Activity: Please give the whole listing again exactly, without any of its pictures.

Recorded information:

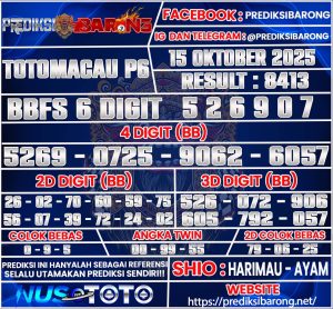 Prediksi Barong adalah layanan prediksi togel yang dirancang khusus untuk membantu para pemain togel dalam meraih keberuntungan. Pada edisi kali ini, kami menyajikan prediksi togel untuk pasar Toto Macau P6 pada hari Rabu 15 Oktober 2025. Dengan analisis mendalam dan metode yang telah teruji, kami berusaha memberikan angka-angka yang memiliki potensi tinggi untuk keluar. Prediksi ini tidak hanya berdasarkan keberuntungan semata, tetapi juga menggunakan data statistik dan pola permainan sebelumnya yang dapat memberikan wawasan lebih bagi para pemain.
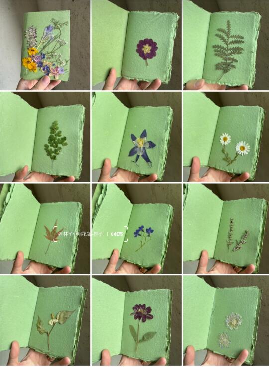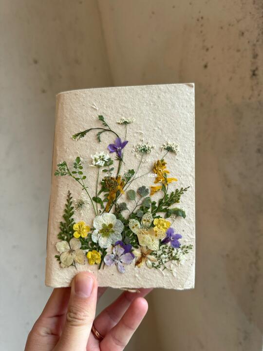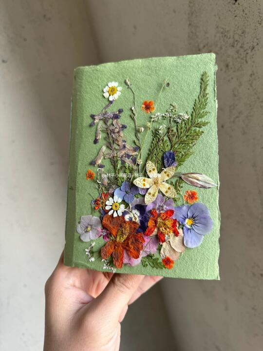 很多小伙伴都说花草书拿去野餐当道具 分分钟钟都出片, 就是往草地随手一放, 拍照也很好看, 不仅封面有花花,里面二十页都有植物标本(见图片13和图片14) 每一本都是独立来设计,也可以根据小伙伴的色系要求来设计~
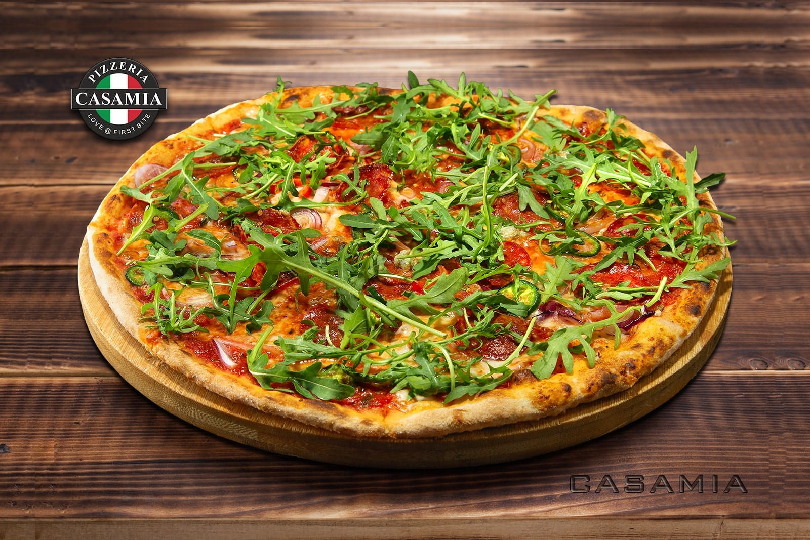 Casamia pizza sauce, mozzarella fior di latte, gorgonzola piccante, salame piccante, red onion jalapeno, arugula, pesto

Written solution:
 Prediksi Barong adalah layanan prediksi togel yang dirancang khusus untuk membantu para pemain togel dalam meraih keberuntungan. Pada edisi kali ini, kami menyajikan prediksi togel untuk pasar Toto Macau P6 pada hari Rabu 15 Oktober 2025. Dengan analisis mendalam dan metode yang telah teruji, kami berusaha memberikan angka-angka yang memiliki potensi tinggi untuk keluar. Prediksi ini tidak hanya berdasarkan keberuntungan semata, tetapi juga menggunakan data statistik dan pola permainan sebelumnya yang dapat memberikan wawasan lebih bagi para pemain.
 很多小伙伴都说花草书拿去野餐当道具 分分钟钟都出片, 就是往草地随手一放, 拍照也很好看, 不仅封面有花花,里面二十页都有植物标本(见图片13和图片14) 每一本都是独立来设计,也可以根据小伙伴的色系要求来设计~
 Casamia pizza sauce, mozzarella fior di latte, gorgonzola piccante, salame piccante, red onion jalapeno, arugula, pesto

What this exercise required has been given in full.